▶ _Entries provided_
========================================================================

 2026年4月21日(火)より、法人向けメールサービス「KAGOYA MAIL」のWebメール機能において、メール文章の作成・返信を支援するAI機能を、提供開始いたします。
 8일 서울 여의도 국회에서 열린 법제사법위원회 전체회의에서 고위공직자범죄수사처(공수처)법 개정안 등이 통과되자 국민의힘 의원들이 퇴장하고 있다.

========================================================================

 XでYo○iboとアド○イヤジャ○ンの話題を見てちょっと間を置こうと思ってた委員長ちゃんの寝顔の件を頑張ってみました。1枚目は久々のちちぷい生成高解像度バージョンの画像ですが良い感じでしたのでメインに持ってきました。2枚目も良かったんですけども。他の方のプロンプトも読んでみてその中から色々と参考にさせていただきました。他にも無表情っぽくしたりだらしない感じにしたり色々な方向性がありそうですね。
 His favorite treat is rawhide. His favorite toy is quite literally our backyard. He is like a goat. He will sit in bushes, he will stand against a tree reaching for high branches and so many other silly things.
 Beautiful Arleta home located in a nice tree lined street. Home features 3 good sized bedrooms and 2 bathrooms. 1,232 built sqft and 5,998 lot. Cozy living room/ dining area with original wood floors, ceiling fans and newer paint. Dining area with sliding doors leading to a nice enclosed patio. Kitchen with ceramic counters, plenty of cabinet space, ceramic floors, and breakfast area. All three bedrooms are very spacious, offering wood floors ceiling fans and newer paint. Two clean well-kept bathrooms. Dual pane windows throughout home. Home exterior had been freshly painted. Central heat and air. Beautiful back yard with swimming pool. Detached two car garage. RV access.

========================================================================

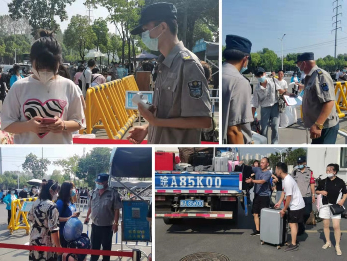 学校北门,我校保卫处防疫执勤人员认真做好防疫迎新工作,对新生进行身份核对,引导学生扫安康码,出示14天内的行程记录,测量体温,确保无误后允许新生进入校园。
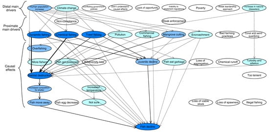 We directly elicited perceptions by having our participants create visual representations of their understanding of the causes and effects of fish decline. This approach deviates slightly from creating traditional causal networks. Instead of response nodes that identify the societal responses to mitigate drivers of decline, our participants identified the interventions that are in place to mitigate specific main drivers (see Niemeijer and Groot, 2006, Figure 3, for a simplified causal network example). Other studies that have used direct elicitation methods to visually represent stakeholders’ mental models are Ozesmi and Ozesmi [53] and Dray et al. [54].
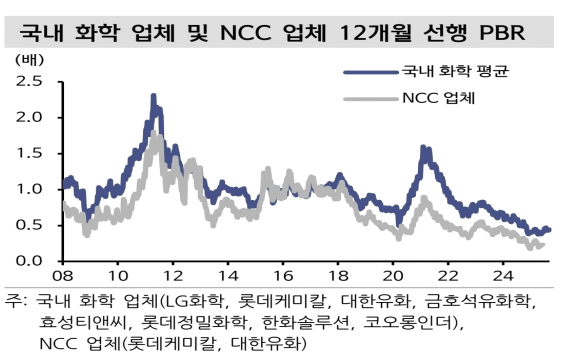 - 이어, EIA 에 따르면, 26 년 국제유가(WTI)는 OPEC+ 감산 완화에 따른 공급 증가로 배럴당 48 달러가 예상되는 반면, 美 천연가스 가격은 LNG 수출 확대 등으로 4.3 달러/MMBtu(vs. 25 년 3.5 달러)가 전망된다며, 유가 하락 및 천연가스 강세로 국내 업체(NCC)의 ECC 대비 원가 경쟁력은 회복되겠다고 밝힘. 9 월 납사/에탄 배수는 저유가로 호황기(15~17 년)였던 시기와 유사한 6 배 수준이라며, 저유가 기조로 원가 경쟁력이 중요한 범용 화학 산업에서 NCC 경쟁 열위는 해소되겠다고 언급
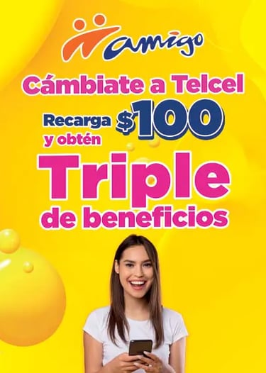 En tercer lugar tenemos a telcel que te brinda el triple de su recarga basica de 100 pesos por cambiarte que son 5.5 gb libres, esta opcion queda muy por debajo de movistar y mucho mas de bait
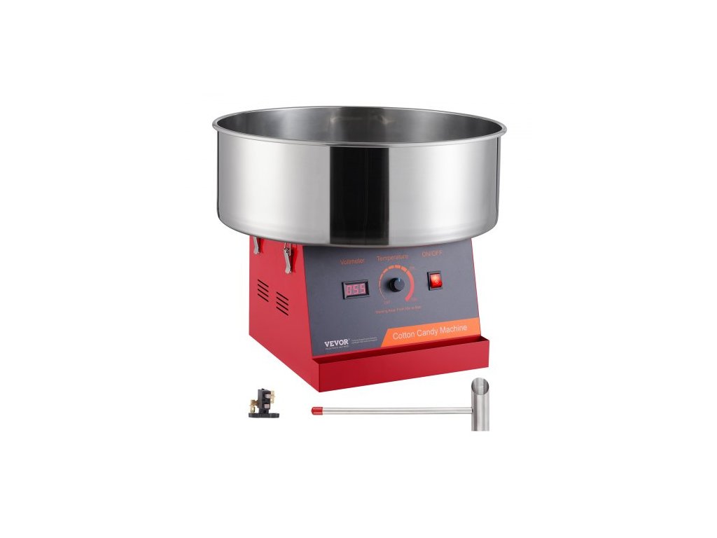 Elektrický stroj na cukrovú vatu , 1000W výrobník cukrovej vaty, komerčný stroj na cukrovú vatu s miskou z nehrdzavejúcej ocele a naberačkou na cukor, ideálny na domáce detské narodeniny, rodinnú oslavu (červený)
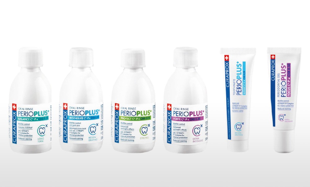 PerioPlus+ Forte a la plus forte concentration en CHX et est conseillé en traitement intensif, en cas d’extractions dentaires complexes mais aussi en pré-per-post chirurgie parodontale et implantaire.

========================================================================

What is asked for is an exact copy of the lines above from the one containing "XでYo○iboとアド○イヤ" through the one containing "Beautiful Arleta home", and only those.

▶ _Your response_
 XでYo○iboとアド○イヤジャ○ンの話題を見てちょっと間を置こうと思ってた委員長ちゃんの寝顔の件を頑張ってみました。1枚目は久々のちちぷい生成高解像度バージョンの画像ですが良い感じでしたのでメインに持ってきました。2枚目も良かったんですけども。他の方のプロンプトも読んでみてその中から色々と参考にさせていただきました。他にも無表情っぽくしたりだらしない感じにしたり色々な方向性がありそうですね。
 His favorite treat is rawhide. His favorite toy is quite literally our backyard. He is like a goat. He will sit in bushes, he will stand against a tree reaching for high branches and so many other silly things.
 Beautiful Arleta home located in a nice tree lined street. Home features 3 good sized bedrooms and 2 bathrooms. 1,232 built sqft and 5,998 lot. Cozy living room/ dining area with original wood floors, ceiling fans and newer paint. Dining area with sliding doors leading to a nice enclosed patio. Kitchen with ceramic counters, plenty of cabinet space, ceramic floors, and breakfast area. All three bedrooms are very spacious, offering wood floors ceiling fans and newer paint. Two clean well-kept bathrooms. Dual pane windows throughout home. Home exterior had been freshly painted. Central heat and air. Beautiful back yard with swimming pool. Detached two car garage. RV access.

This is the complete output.